| REQUIREMENT |
An exact copy of the records is required, minus the pictures they hold.

| Items listed in a dataset |
---*---

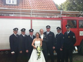 Bei Ihren ersten gemeinsamen Schritten standen die Kameradinnen und Kameraden der Feuerwehr Telgte zur Seite und beglückwünschten das junge Eheglück.
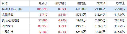 光通信概念股再度上揚,截至發稿,鴻騰精密(06088)漲8.14%,報5.71港元;長飛光纖光纜(06869)漲4.24%,報37.88港元;劍橋科技(06166)漲3.99%,報89.95港元;匯聚科技(01729)漲0.94%,報17.18港元。
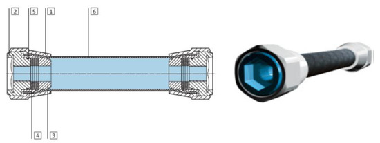 Pneumatic artificial muscle of MAS–20 type (1) connecting matrices (wrought aluminium alloy); (2) flange (wrought aluminium alloy); (3) internal cone (wrought aluminium alloy); (4) disc springs (steel); (5) sealing ring (nitrile rubber); (6) tube (chloroprene and aramid) [33].
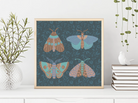 An original hand-drawn illustration of four matching moths in shades of blue on a navy background with a subtle floral pattern printed on textured 216 gsm archival paper.
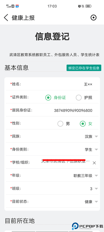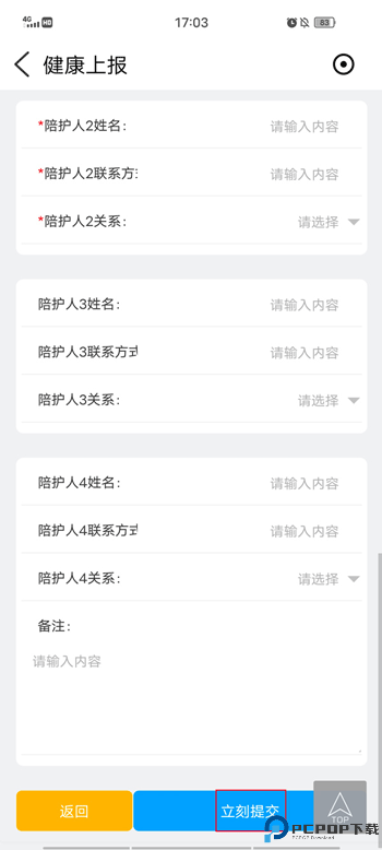 3、如家中有他人陪同,可在“目前所在地”下方的共同陪护人中依次填写名字等信息,填完点击底部的提交即可完成。
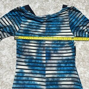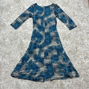 This elegant dress features a striking blue and black striped pattern, perfect for any occasion. The stylish design offers a flattering fit and a touch of sophistication.

---*---

| EXERCISE RESPONSE |
 Bei Ihren ersten gemeinsamen Schritten standen die Kameradinnen und Kameraden der Feuerwehr Telgte zur Seite und beglückwünschten das junge Eheglück.
 光通信概念股再度上揚,截至發稿,鴻騰精密(06088)漲8.14%,報5.71港元;長飛光纖光纜(06869)漲4.24%,報37.88港元;劍橋科技(06166)漲3.99%,報89.95港元;匯聚科技(01729)漲0.94%,報17.18港元。
 Pneumatic artificial muscle of MAS–20 type (1) connecting matrices (wrought aluminium alloy); (2) flange (wrought aluminium alloy); (3) internal cone (wrought aluminium alloy); (4) disc springs (steel); (5) sealing ring (nitrile rubber); (6) tube (chloroprene and aramid) [33].
 An original hand-drawn illustration of four matching moths in shades of blue on a navy background with a subtle floral pattern printed on textured 216 gsm archival paper.
 3、如家中有他人陪同,可在“目前所在地”下方的共同陪护人中依次填写名字等信息,填完点击底部的提交即可完成。
 This elegant dress features a striking blue and black striped pattern, perfect for any occasion. The stylish design offers a flattering fit and a touch of sophistication.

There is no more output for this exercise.